### TASK TO CARRY OUT:
Every picture should be left out, but the lines below must be repeated exactly.

### RECORDS SUPPLIED:
────────────────

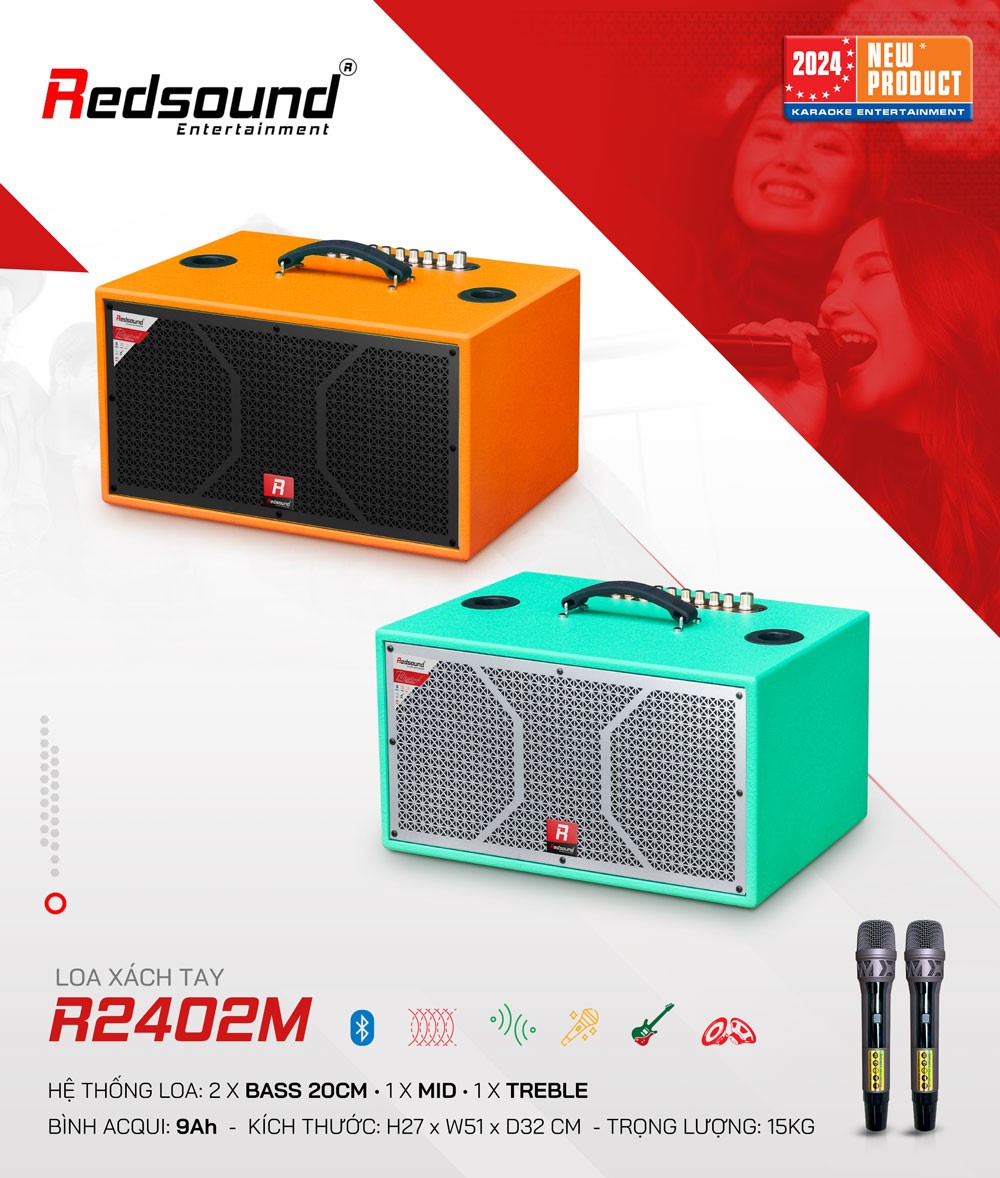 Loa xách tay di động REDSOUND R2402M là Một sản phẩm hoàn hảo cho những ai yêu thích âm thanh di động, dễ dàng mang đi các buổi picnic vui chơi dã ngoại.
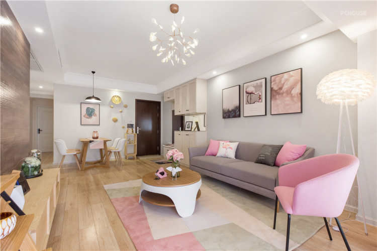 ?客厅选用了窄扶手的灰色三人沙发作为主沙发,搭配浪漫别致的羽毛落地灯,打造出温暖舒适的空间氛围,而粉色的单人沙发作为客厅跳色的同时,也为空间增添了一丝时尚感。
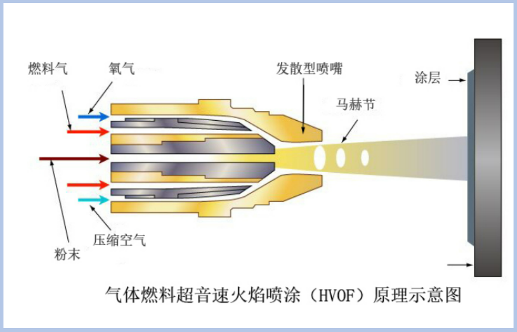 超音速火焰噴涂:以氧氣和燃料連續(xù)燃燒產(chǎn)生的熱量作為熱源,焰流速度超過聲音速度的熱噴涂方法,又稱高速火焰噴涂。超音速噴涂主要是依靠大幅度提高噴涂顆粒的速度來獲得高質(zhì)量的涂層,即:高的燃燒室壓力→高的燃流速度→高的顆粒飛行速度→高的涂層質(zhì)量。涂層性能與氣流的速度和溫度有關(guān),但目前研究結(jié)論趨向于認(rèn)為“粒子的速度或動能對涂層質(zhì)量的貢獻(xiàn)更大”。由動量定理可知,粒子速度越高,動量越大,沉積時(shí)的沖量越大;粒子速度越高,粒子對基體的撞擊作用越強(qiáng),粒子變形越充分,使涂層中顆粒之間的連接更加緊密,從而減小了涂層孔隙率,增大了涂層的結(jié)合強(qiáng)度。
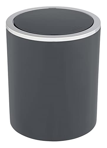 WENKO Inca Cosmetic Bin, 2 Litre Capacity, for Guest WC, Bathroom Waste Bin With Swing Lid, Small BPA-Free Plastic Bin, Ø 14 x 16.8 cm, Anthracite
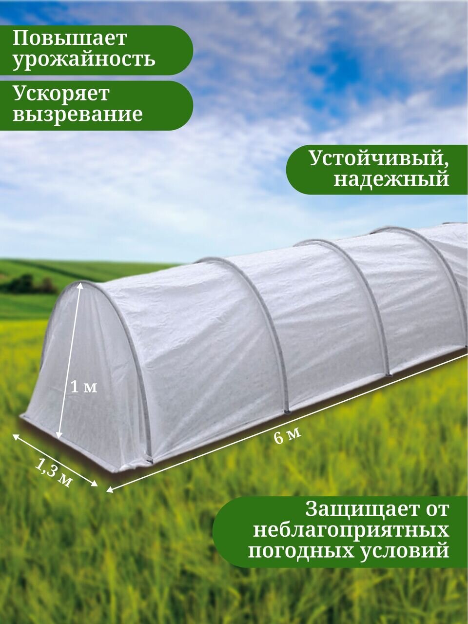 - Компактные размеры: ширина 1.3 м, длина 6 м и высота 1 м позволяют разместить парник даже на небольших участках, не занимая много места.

────────────────

### SOLUTION FOR THIS PROBLEM:
 Loa xách tay di động REDSOUND R2402M là Một sản phẩm hoàn hảo cho những ai yêu thích âm thanh di động, dễ dàng mang đi các buổi picnic vui chơi dã ngoại.
 ?客厅选用了窄扶手的灰色三人沙发作为主沙发,搭配浪漫别致的羽毛落地灯,打造出温暖舒适的空间氛围,而粉色的单人沙发作为客厅跳色的同时,也为空间增添了一丝时尚感。
 超音速火焰噴涂:以氧氣和燃料連續(xù)燃燒產(chǎn)生的熱量作為熱源,焰流速度超過聲音速度的熱噴涂方法,又稱高速火焰噴涂。超音速噴涂主要是依靠大幅度提高噴涂顆粒的速度來獲得高質(zhì)量的涂層,即:高的燃燒室壓力→高的燃流速度→高的顆粒飛行速度→高的涂層質(zhì)量。涂層性能與氣流的速度和溫度有關(guān),但目前研究結(jié)論趨向于認(rèn)為“粒子的速度或動能對涂層質(zhì)量的貢獻(xiàn)更大”。由動量定理可知,粒子速度越高,動量越大,沉積時(shí)的沖量越大;粒子速度越高,粒子對基體的撞擊作用越強(qiáng),粒子變形越充分,使涂層中顆粒之間的連接更加緊密,從而減小了涂層孔隙率,增大了涂層的結(jié)合強(qiáng)度。
 WENKO Inca Cosmetic Bin, 2 Litre Capacity, for Guest WC, Bathroom Waste Bin With Swing Lid, Small BPA-Free Plastic Bin, Ø 14 x 16.8 cm, Anthracite
 - Компактные размеры: ширина 1.3 м, длина 6 м и высота 1 м позволяют разместить парник даже на небольших участках, не занимая много места.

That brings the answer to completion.